§ Activity: From the listing below, output the lines between the one with "glass and silverwares" and the one with "Zaterdag droog en", including those two, and nothing else. Pictures are not copied.

§ Information provided:
----------------

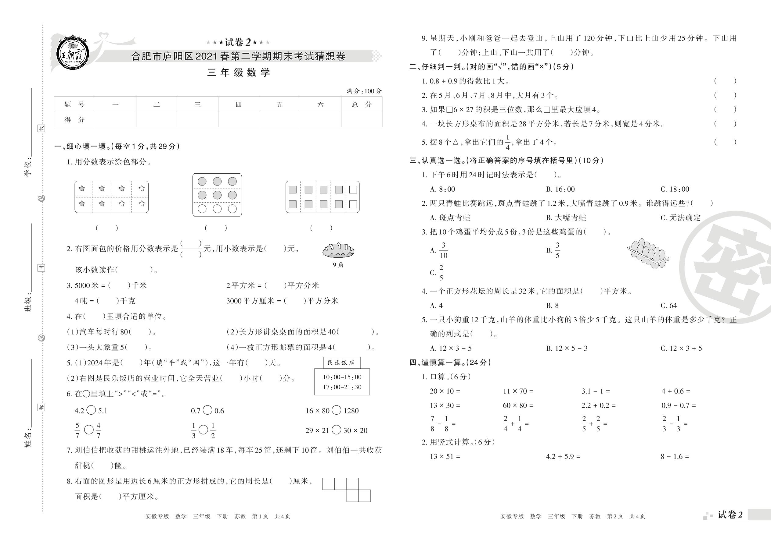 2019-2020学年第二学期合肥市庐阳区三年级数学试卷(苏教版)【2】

----------------

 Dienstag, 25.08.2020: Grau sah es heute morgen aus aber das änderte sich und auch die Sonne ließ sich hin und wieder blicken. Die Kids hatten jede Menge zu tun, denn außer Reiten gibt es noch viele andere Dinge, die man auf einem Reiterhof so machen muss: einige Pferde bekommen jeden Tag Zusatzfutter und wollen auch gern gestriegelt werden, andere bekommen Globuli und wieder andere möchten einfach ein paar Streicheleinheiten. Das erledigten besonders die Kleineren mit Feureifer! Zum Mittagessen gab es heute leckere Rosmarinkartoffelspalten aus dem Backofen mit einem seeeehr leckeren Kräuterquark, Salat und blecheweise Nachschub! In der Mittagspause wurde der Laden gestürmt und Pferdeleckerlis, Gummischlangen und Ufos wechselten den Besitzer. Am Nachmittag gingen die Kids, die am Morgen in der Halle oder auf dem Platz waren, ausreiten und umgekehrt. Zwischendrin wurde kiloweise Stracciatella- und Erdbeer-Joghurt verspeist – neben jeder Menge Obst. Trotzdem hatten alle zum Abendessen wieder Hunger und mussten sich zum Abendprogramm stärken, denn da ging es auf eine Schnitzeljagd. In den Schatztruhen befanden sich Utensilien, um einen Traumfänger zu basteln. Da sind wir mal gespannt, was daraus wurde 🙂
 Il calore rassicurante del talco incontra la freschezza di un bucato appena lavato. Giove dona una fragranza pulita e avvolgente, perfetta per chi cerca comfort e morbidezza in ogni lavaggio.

----------------

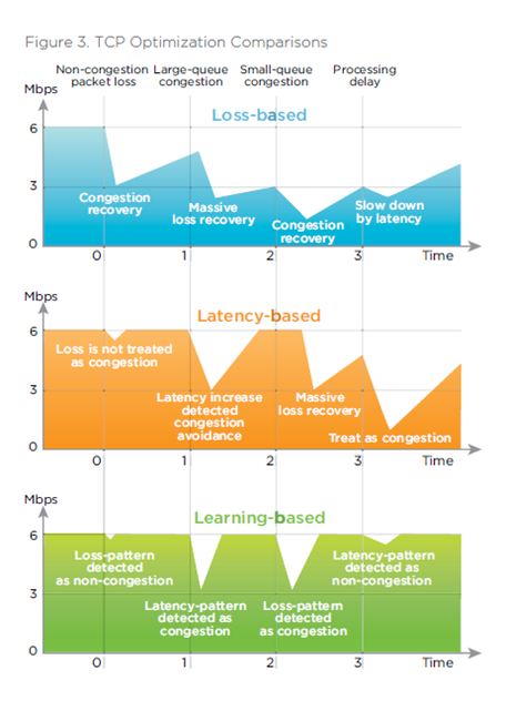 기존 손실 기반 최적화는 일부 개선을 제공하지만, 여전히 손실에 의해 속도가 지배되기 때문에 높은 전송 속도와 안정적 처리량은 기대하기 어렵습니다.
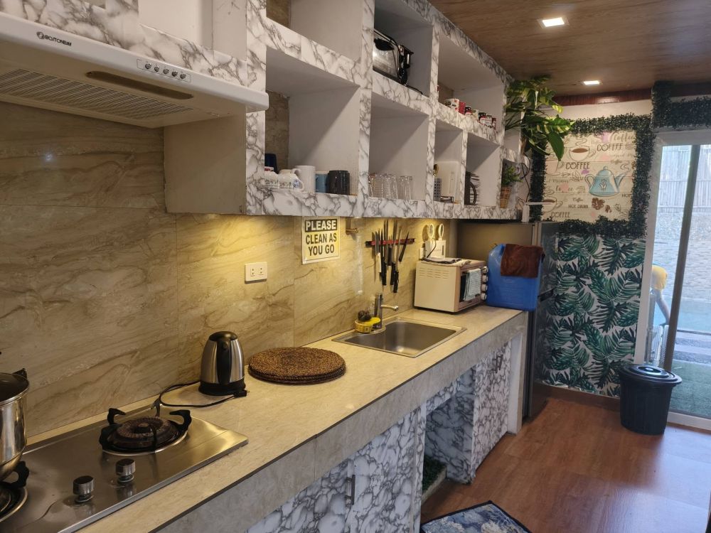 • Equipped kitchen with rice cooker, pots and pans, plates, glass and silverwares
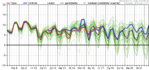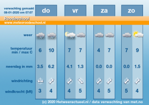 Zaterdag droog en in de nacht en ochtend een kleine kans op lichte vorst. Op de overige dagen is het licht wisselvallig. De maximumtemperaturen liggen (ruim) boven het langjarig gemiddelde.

----------------

§ Solution for this task:
 • Equipped kitchen with rice cooker, pots and pans, plates, glass and silverwares
 Zaterdag droog en in de nacht en ochtend een kleine kans op lichte vorst. Op de overige dagen is het licht wisselvallig. De maximumtemperaturen liggen (ruim) boven het langjarig gemiddelde.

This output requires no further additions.